You are viewing a plain text version of this content. The canonical link for it is here.
Posted to user@hive.apache.org by Sachit Murarka <co...@gmail.com> on 2017/12/31 03:28:23 UTC

Indexing

Hello,
I have seen some blog saying that Indexing is not recommended , instead we
can use ORC format. Can you please provide suggestion?
I could not see any official declaration.

Kind Regards,
Sachit Murarka

Re: Indexing

Posted by Jörn Franke <jo...@gmail.com>.
Hallo,

It always depends on your use case and you always should do performance tests to verify it fits your use cases.

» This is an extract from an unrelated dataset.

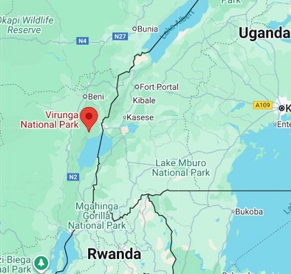 The twins' birth is an extra happy event because mountain gorillas are endangered, mothers usually give birth to one infant every 4 years, twins are rare (it is thought less than 1%) and the world's entire population of just over 1,000 mountain gorillas resides in just two isolated groups living in nearby high-altitude montane and bamboo forested habitats. One is between the Virunga Mountains, a range of extinct volcanoes that borders the Democratic Republic of Congo, Rwanda and Uganda, and the other is in Bwindi National Park in Uganda, that runs alongside DRC's Sarambwe Nature Reserve.
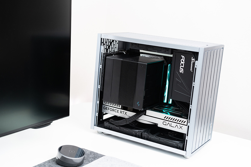 影驰 RTX 4070 金属大师 OC 的出色游戏性能就不用多赘述了,双槽厚度在这种小箱子里的兼容性优势体现的淋漓尽致,加之金属的外观质感,和整机的调性十分搭配。

Hence, I doubt that you find a generic statement on the Hive site. Although most of the times the internal index of orc will have more advantages, such as less space usage.

Furthermore, orc (or parquet) require that the data is sorted on the filtering column. 

Hive provides also other relevant features, such as partitioning.

Best regards

> On 31. Dec 2017, at 04:28, Sachit Murarka <co...@gmail.com> wrote:
> 
> 
> Hello,
> I have seen some blog saying that Indexing is not recommended , instead we can use ORC format. Can you please provide suggestion?
> I could not see any official declaration.
> 
> Kind Regards,
> Sachit Murarka
>